I think it would be much easier to write if I could specify optional syntax inside brackets and repetition with an * or +. This would reduce my whereClause and joinList rules to the following:
whereClause:
| { None }
// $1 $2, I envision $2 being return as an (ID * op * ID * cond) list
| WHERE [ ID op ID { (AND | OR) }]+
{ Some([for name1, op, name2, _ in $1 -> name1, op, name2]) }
joinClause:
| { None }
// $1, returned as (joinType
// * JOIN
// * ID
// * ((ID * op * ID) list) option) list
| [ (INNER | LEFT | RIGHT) JOIN ID [ON whereClause] ]*
{ let joinType, _, table, onClause = $1;
Some(table, joinType, onClause) }
I think this form is much easier to read and expresses the grammar it's trying to capture more intuitively. Unfortunately, I can't find anything in either the Ocaml or F# documentation which supports this notation or anything similar.
Is there an easy way to represent grammars with optional or repetitive tokens in OcamlYacc or FsYacc?
如果你对这篇内容有疑问,欢迎到本站社区发帖提问 参与讨论,获取更多帮助,或者扫码二维码加入 Web 技术交流群。
绑定邮箱获取回复消息
由于您还没有绑定你的真实邮箱,如果其他用户或者作者回复了您的评论,将不能在第一时间通知您!
发布评论
评论(2)
Menhir 允许通过另一个符号对非终结符号进行参数化,并提供标准快捷方式库,例如选项和列表,您可以创建自己的。 示例:
还有一些语法糖,‘token?’ 相当于“option(token)”,“token+”相当于“nonempty_list(token)”。
所有这些确实缩短了语法定义。 它还受 ocamlbuild 支持,可以直接替代 ocamlyacc。 强烈推荐!
有趣的是,我也用它来解析 SQL :)
Menhir allows to parametrize nonterminal symbols by another symbols and provides the library of standard shortcuts, like optionals and lists, and you can create your own. Example:
There is also some syntax sugar, 'token?' is equivalent to 'option(token)', 'token+' to 'nonempty_list(token)'.
All of this really shortens grammar definition. Also it is supported by ocamlbuild and can be a drop-in replacement for ocamlyacc. Highly recommended!
Funny, I used it to parse SQL too :)
当你组合所有的小片段时,你应该会得到你想要的东西。 而不是:
您只需将
其定义为这三个关键字的并集。
您还可以在词法分析器中定义联合。 在您定义令牌的方式中,或者使用 camlp4 中,我在该领域没有做太多事情,所以我不能建议您采取这些路线。 而且我不认为它们会像到处都有小部件一样适合你。
编辑:
因此,对于 camlp4,您可以查看 Camlp4 语法模块 和教程 和更好的教程。 请注意,这并不完全是您想要的,但已经非常接近了。 该文档非常糟糕,正如 最近关于 ocaml 的讨论中所表达的那样组,但对于这个特定领域,我认为您不会遇到太多问题。 我用它做了一些工作,可以回答更多问题。

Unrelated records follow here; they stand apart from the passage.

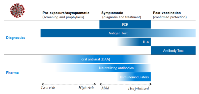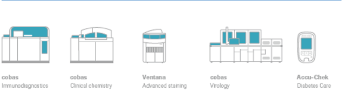 截止到2020年底,罗氏在150多个国家拥有雇员已经达到10万人,营收达到583亿法郎,其中诊断业务达到138亿法郎,得益于新冠产品的布局,从去年的财报到今年罗氏的各种报告和新闻,提及最多的就是“in the fight against covid-19”, “SARS-COV-2 test” “Pandemic”对待这场疫情,我们看到了巨头的社会责任感与担当,罗氏的社会责任感与担当也收获了前所未有的业绩回报,今年一季度诊断业务达到了43.3亿法郎,大涨55%,与新冠业务相关POCT产品营收达到了7.16亿法郎,这样的一个巨无霸在新冠疫情中将危机转化为机遇,IVD一哥罗氏正在用其125年风雨智慧与经验为大家上一堂难得的转为危机全方位布局的课程。 在此笔者应用了Roche财报年终总结的一段话,“罗氏在他125年当中遇到过也化解过各种各样的挑战,在这场与COVID-19新冠抗疫的过程中我们将更加增强我们的合作能力,我们将涅槃重生,成就更强大的自我。” 新冠方案从“诊”到“疗”全方位布局 罗氏是一家典型的药械相结合的巨头,上游检测诊断,下游药物治疗,诊断与Pfizer,阿斯利康等相比他的诊断器械更强,与Danaher,西门子等器械相比,他的药品又更强。罗氏集团全方位的诊断,利用大数据云计算进行诊与疗的搭建,前段提供诊断,后端提供罗氏药物治疗,形成 “诊”到“治”的无缝对接在新冠检测方面也如此: 诊断检测端:拥有分子PCR检测,抗原抗体antibody,antigen Naturalizing antibodies检测. 治疗端:high risk 到mild再到Hospitalized. 诊断业务从中心实验室临床检验到POCT两大产业线并驾齐驱 要想了解ROCHE的诊断新冠布局,我们先来了解Roche诊断家族产品:COBAS系列实验室(覆盖了免疫,大生化+化学发光+分子+血气电解质+凝血+病理+五分类+尿检等),+PCOT Accu系列(血糖+血脂+血凝+心肌+分子传染病检测+与SD组合快诊新冠检测等)形成两翼傲视群雄,高冷巅峰,有了这些基础武器,就可以随意搭配,打满组合拳。 市场中主要新冠检测为以下几种从高大上的分子核酸检测到最底层的胶体金检测,检测场景从中心实验室专业检测到胶体金家用自测检测: 1.新冠分子检测molecular(RNA提取,COVID-19 PCR检测), 2.化学发光CLIA(化学发光COVID-19抗体抗原,以及中和抗体检测) 3.酶联免疫ELISA(COVID-19抗原抗体,中和抗体检测) 4.免疫荧光(COVID-19抗原抗体,中和抗体) 5.分子POCT(COVID-19提取+扩增) 6.胶体金lateral flow COVID-19抗原抗体检测,以及中和抗体检测 结合Roche诊断产品布局,基本上涵盖了大部分主流检测 中心实验室高通量确诊布局 罗氏新冠分子检测布局:Cobas6800/8800目前是市面上样品处理,提取以及扩增读取集成度最高分子检测产品的巅峰产品之一,不仅自动化与通量高,目前的可提供的试剂2000万每月。主要布局国家中心实验室,第三方实验室,中大型医院。 主要为: •cobas®SARS-CoV-2 •cobas®SARS-CoV-2 & Influenza A/B 罗氏新冠化学发光检测布局:Cobas e411/601/602/801,新冠化学发光从高通到低通量全方位布局中心实验室,第三方实验室,中小型实验室。 •Elecsys®Anti-SARS-CoV-2 •Elecsys®Anti-SARS-CoV-2 S •SARS-CoV-2 rapid antibody •Elecsys®Anti-SARS-CoV-2 antigen POCT快速筛查,家用布局 POCT分子 检测布局:cobas liat在中小型医院以及实验室,采用非传统的微流控芯片结构。整个芯片类似于试管形状,检测管包含所有检测试剂并已分装入每一个独立区段,将所有核酸检测程序融为一体。其中包含试剂准备、样本富集、抑制物清除、核酸提取及实时荧光定量检测。 •cobas®SARS-CoV-2 & Influenza A/B (POC)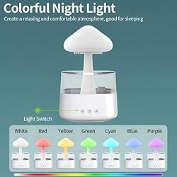 - Elevate your space with the Rain Cloud Mushroom-Shaped Air Humidifier, a stylish and functional addition to any room. This unique humidifier, resembling a gentle rain cloud, boasts a 450ml water tank for long-lasting humidification and a seven-color LED night light for a mesmerizing visual experience. Customize the mist settings to your preference and enjoy the quiet operation, perfect for undisturbed sleep or work. Powered by USB, it's rechargeable and portable, making it ideal for use in living rooms, bedrooms, or offices. The humidifier also infuses the air with your favorite aromas, creating a soothing environment and relieving dry skin and respiratory discomfort. Its modern design and soothing water drop sounds enhance the decor of any room, making it a serene sanctuary for relaxation and stress relief.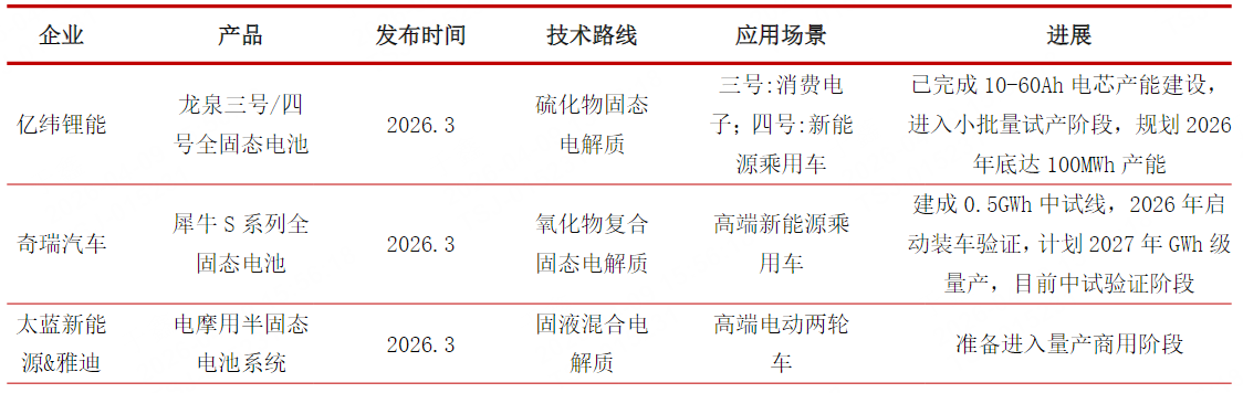 2026年为产业化关键节点,政策多维度支持,头部企业加速中试与量产布局。政策明确固态电池为攻关方向,提供资金与标准支持,多家公司对外展示其固态电池新品,计划2027年后量产,国际企业同步发力。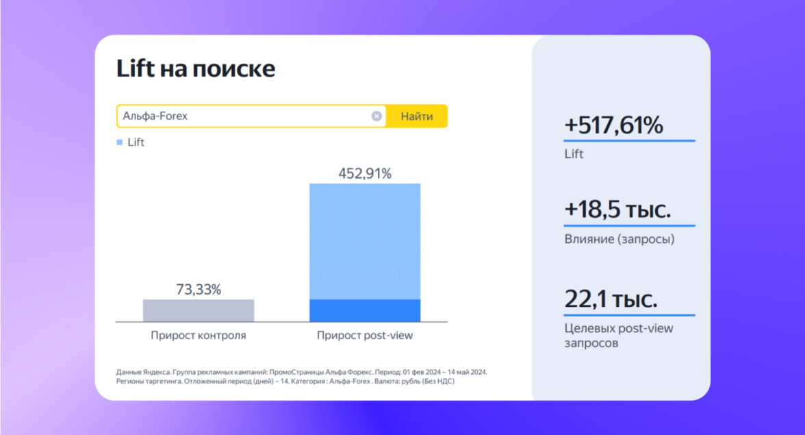 Чтобы оценить эффект от канала по взаимодействию пользователей с Альфа-Форекс, запросили у команды Яндекс ПромоСтраниц post-view отчет. Он показал значительный прирост брендовых запросов после прочтения наших статей — Lift на поиске составил 517%, а количество целевых запросов выросло на 18,5 тыс.

When you compose all the little pieces you should get something like you want though. Instead of:
you just have
and define that to be the union of those three keywords.
You can also define the union in the lexer. in the way you define the tokens, or using camlp4, I haven't done much in that area, so I cannot advise you to take those routes. And I don't think they'll work for you as well as just having little pieces everywhere.
EDIT:
So, for camlp4 you can look at Camlp4 Grammar module and a tutorial and a better tutorial. This isn't exactly what you want, mind you, but it's pretty close. The documentation is pretty bad, as expressed in the recent discussion on the ocaml groups, but for this specific area, I don't think you'll have too many problems. I did a little with it and can field more questions.